>>>
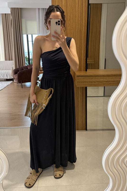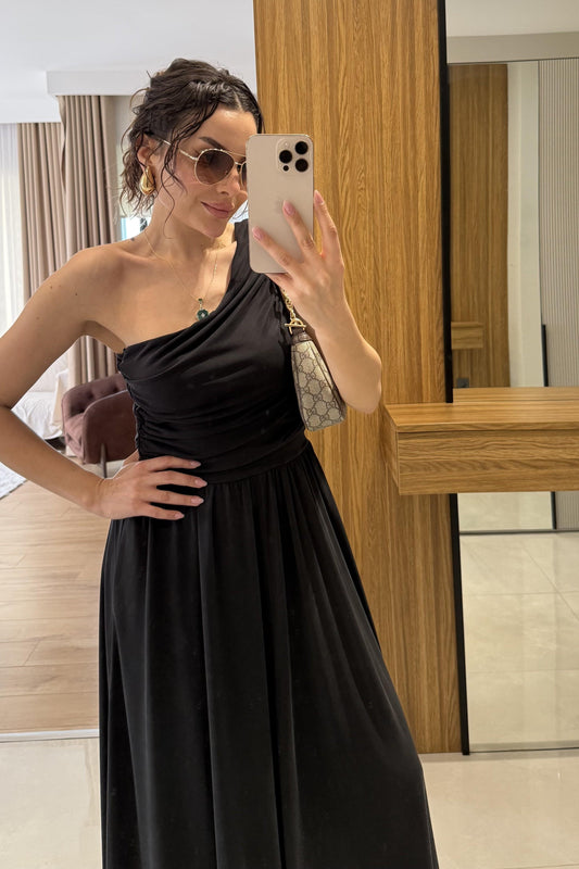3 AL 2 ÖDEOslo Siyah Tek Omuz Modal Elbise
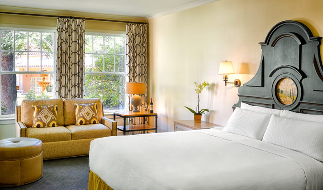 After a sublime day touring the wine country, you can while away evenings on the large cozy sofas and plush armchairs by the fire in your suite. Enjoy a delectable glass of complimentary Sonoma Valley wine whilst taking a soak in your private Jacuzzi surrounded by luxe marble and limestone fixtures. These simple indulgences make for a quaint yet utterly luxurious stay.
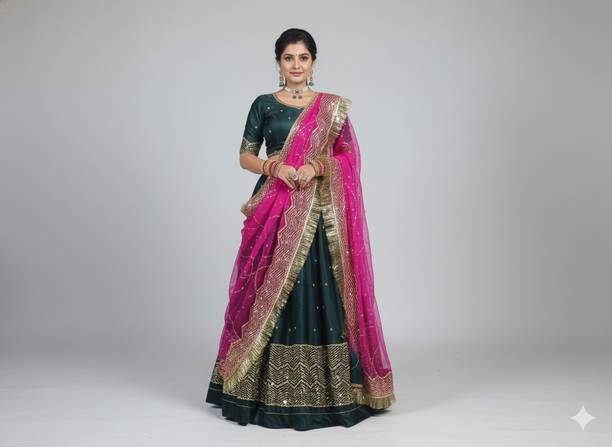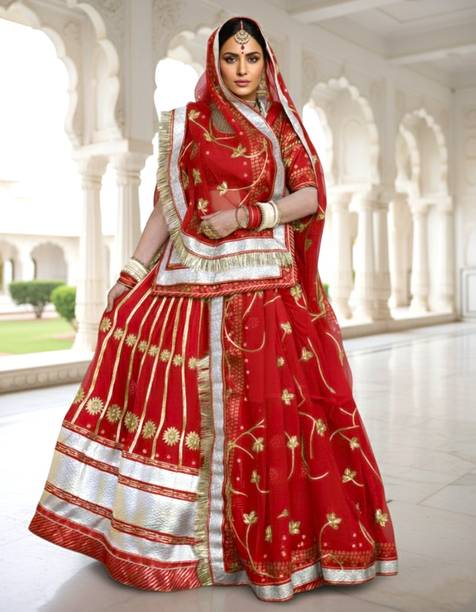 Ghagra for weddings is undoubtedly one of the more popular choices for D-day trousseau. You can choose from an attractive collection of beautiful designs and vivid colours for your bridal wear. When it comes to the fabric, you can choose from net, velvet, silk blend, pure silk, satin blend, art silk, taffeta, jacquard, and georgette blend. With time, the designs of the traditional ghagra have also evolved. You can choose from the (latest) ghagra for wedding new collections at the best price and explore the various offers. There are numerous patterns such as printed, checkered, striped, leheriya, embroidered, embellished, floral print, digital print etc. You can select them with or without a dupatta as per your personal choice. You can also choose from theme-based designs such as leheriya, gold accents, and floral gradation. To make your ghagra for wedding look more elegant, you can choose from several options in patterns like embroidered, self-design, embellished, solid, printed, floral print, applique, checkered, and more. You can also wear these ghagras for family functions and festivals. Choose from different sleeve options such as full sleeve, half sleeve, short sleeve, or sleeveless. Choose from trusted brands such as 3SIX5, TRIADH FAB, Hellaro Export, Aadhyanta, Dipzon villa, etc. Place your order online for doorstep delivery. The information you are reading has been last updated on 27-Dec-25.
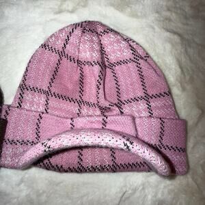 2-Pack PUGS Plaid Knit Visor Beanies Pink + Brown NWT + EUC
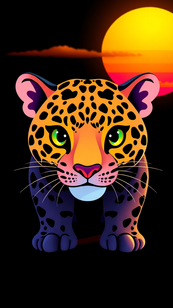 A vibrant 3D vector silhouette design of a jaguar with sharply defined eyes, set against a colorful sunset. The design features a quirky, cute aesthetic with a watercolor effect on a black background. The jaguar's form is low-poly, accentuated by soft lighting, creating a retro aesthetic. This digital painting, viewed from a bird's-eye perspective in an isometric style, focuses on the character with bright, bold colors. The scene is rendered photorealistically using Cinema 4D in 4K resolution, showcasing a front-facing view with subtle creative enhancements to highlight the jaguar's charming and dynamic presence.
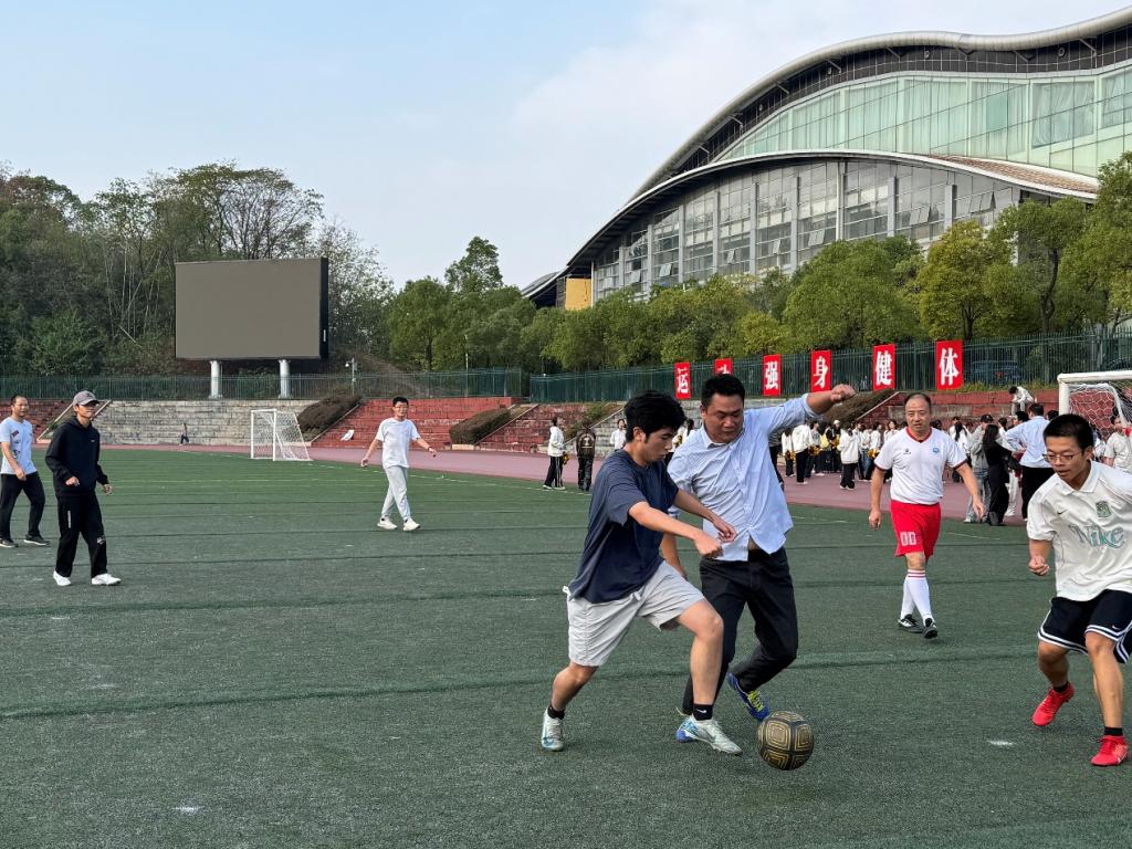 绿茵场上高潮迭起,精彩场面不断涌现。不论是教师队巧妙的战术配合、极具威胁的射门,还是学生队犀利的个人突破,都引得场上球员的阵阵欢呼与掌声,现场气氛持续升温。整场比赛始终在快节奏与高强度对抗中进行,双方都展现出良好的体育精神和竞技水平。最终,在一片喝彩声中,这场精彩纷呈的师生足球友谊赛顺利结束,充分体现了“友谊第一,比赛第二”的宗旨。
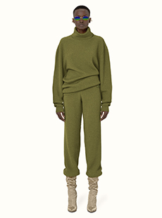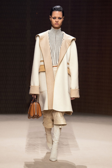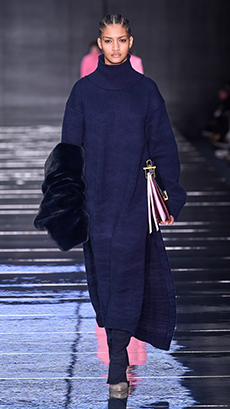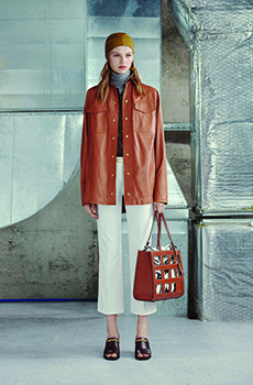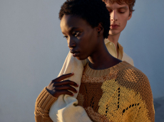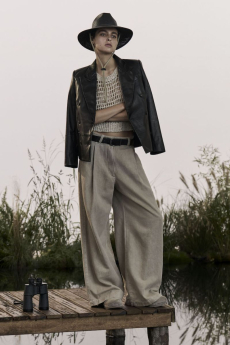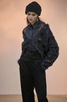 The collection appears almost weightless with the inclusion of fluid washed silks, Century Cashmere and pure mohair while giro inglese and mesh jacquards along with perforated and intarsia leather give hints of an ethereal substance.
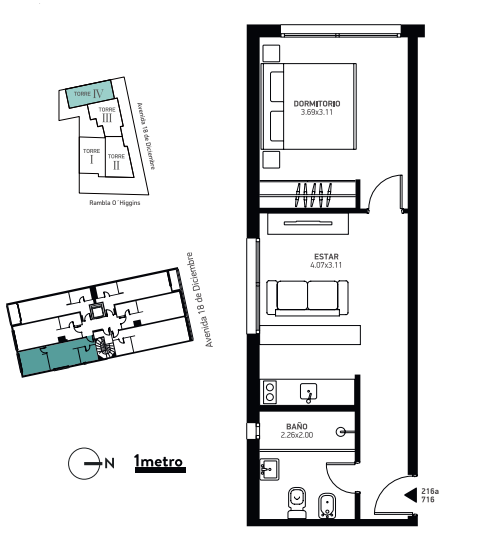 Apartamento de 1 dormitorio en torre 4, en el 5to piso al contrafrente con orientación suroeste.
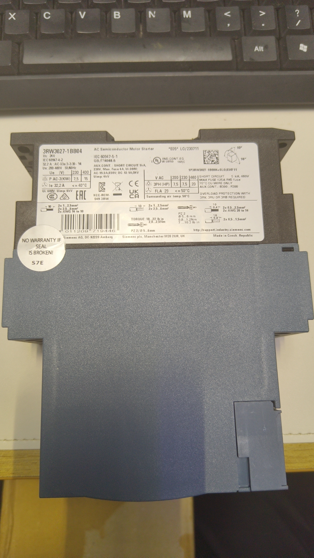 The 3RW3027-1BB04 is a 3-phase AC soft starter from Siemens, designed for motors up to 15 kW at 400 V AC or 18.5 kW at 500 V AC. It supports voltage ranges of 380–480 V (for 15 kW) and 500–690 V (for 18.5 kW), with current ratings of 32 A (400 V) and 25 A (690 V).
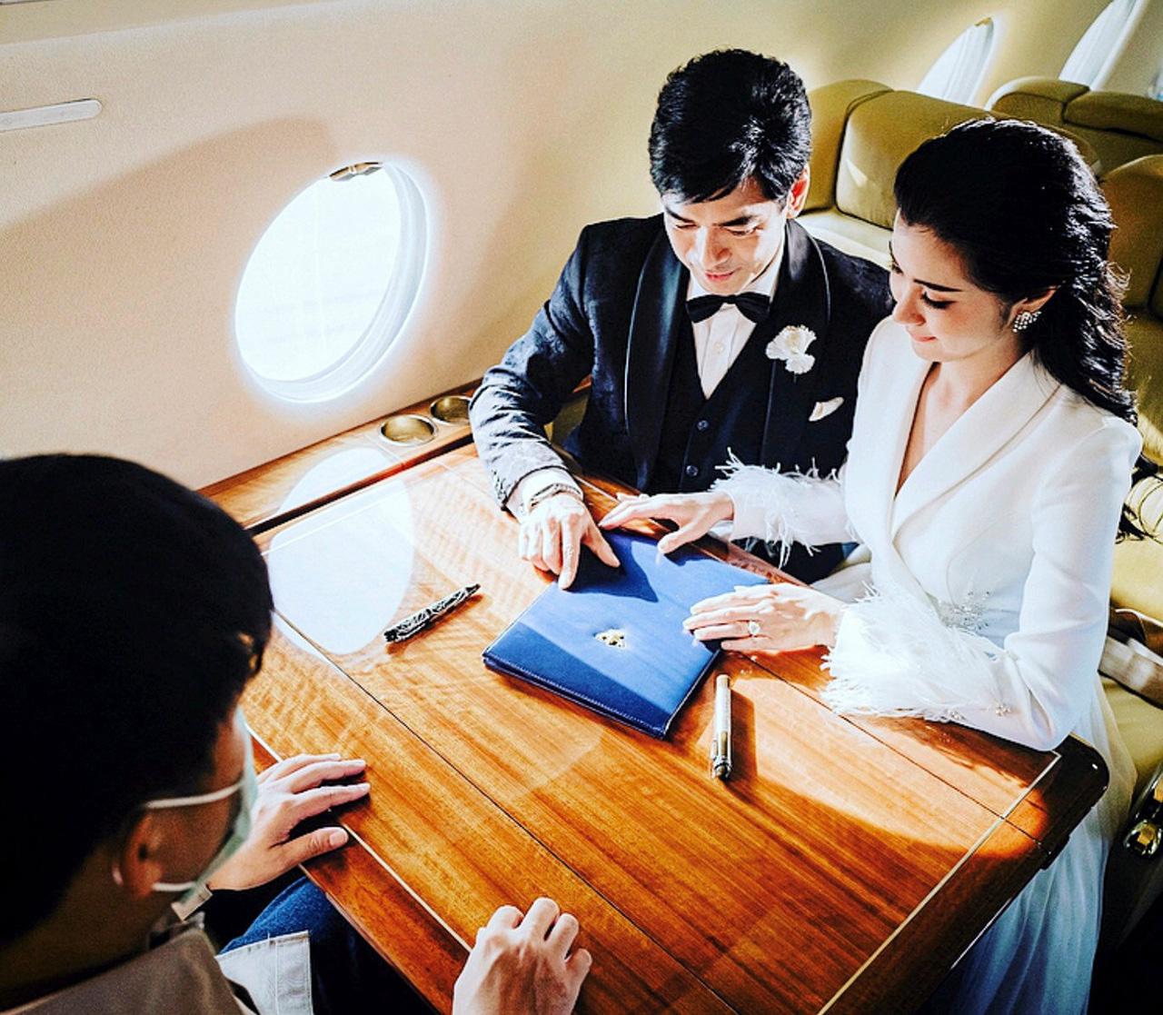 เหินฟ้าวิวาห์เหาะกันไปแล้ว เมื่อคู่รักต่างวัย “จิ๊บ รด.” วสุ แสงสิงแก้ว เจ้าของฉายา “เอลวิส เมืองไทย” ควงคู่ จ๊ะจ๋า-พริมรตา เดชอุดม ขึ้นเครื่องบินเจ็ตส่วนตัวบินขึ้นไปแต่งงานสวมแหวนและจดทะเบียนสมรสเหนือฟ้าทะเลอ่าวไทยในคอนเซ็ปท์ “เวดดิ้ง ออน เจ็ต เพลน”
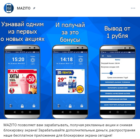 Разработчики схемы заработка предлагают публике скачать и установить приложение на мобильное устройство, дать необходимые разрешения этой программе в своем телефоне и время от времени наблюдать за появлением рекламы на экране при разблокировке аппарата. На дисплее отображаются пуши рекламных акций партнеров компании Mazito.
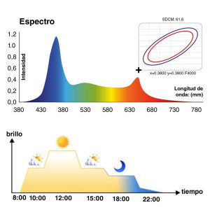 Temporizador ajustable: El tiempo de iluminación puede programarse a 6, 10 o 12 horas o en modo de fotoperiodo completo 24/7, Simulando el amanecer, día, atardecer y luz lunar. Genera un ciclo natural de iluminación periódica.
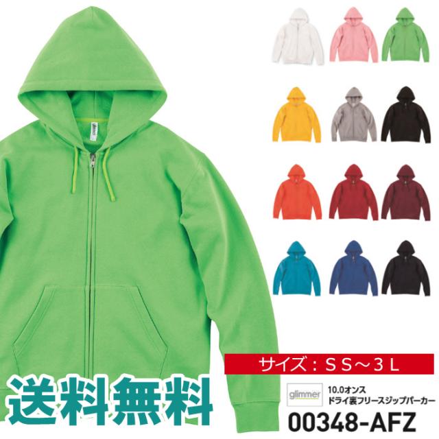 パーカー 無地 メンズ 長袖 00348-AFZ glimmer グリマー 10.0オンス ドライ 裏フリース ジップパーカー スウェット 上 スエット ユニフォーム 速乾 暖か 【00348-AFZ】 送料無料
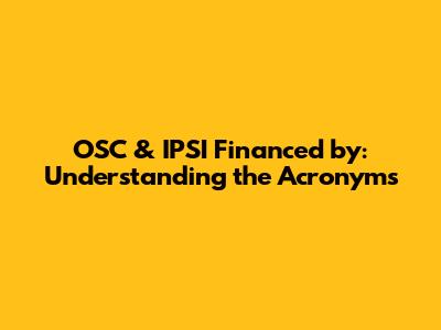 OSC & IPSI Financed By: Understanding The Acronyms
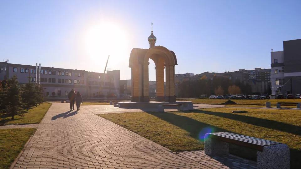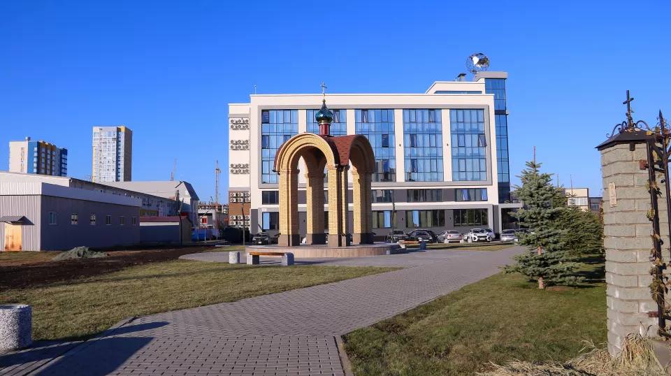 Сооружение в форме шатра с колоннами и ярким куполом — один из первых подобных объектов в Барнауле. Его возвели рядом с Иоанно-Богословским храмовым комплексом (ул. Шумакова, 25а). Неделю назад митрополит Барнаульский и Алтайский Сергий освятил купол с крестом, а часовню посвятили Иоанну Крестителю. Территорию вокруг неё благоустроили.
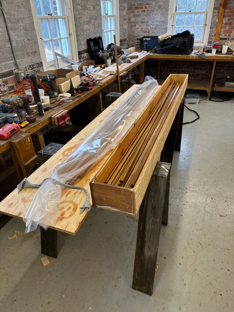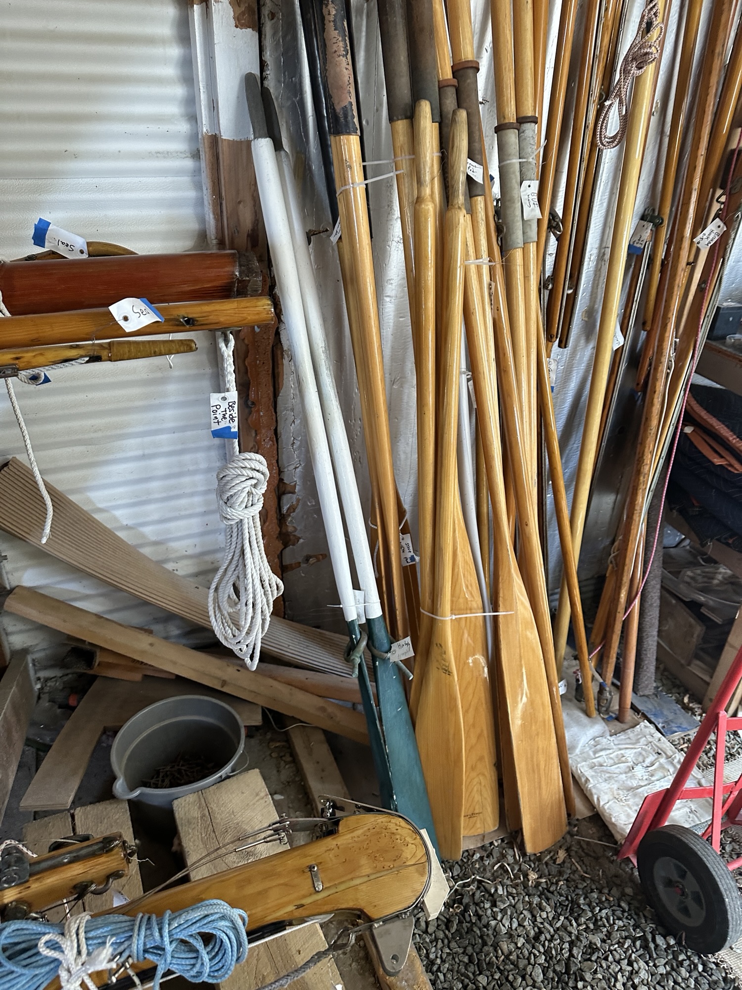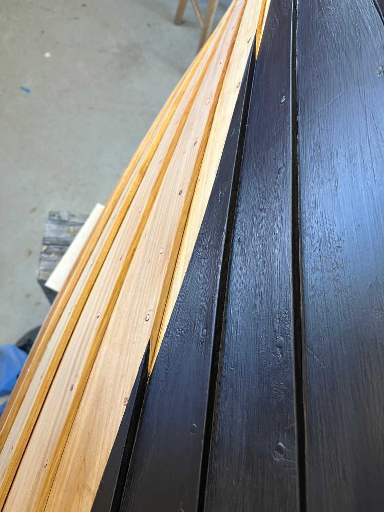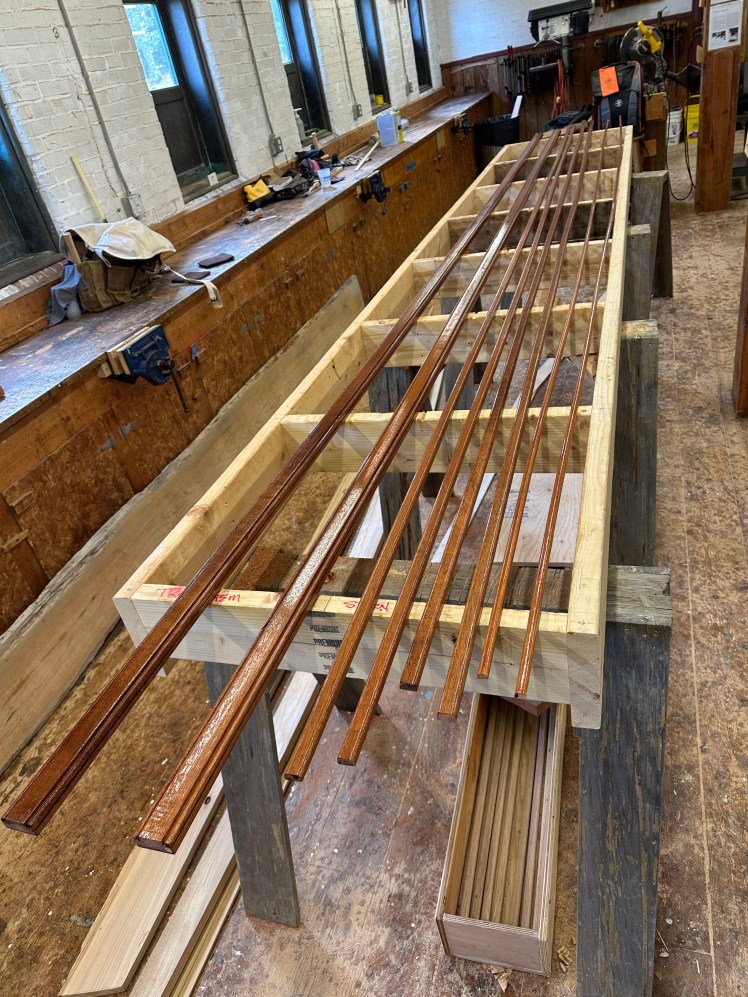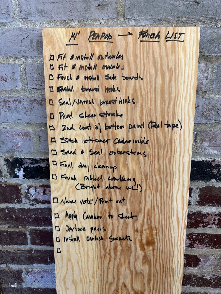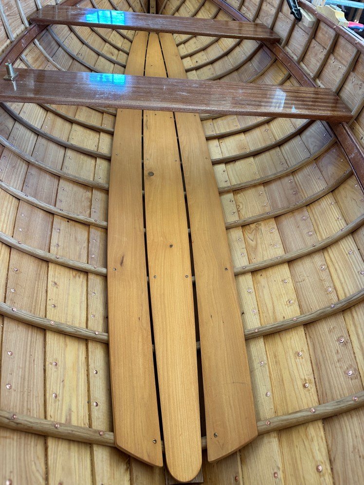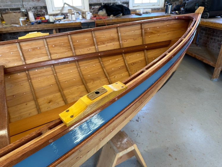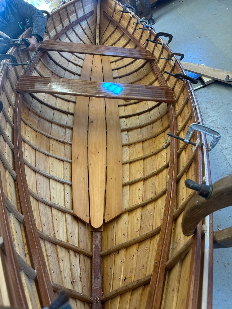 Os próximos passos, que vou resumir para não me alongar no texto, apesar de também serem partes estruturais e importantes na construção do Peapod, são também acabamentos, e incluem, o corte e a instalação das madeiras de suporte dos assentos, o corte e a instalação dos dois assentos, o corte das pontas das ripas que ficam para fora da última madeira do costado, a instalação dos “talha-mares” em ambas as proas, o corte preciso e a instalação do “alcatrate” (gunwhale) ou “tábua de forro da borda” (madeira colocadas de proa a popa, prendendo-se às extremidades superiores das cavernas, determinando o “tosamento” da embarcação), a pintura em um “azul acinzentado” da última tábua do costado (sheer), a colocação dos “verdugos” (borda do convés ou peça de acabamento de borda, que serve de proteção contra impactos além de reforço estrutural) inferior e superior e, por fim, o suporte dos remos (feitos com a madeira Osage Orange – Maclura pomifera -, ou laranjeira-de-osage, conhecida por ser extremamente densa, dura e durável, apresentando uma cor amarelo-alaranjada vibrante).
<<<
**Exercise requirements**
The lines to write out are those from the first line of the listing above through the line bearing "After a sublime", both included, copied exactly with pictures dropped.

**Solution for this task**
3 AL 2 ÖDEOslo Siyah Tek Omuz Modal Elbise
 After a sublime day touring the wine country, you can while away evenings on the large cozy sofas and plush armchairs by the fire in your suite. Enjoy a delectable glass of complimentary Sonoma Valley wine whilst taking a soak in your private Jacuzzi surrounded by luxe marble and limestone fixtures. These simple indulgences make for a quaint yet utterly luxurious stay.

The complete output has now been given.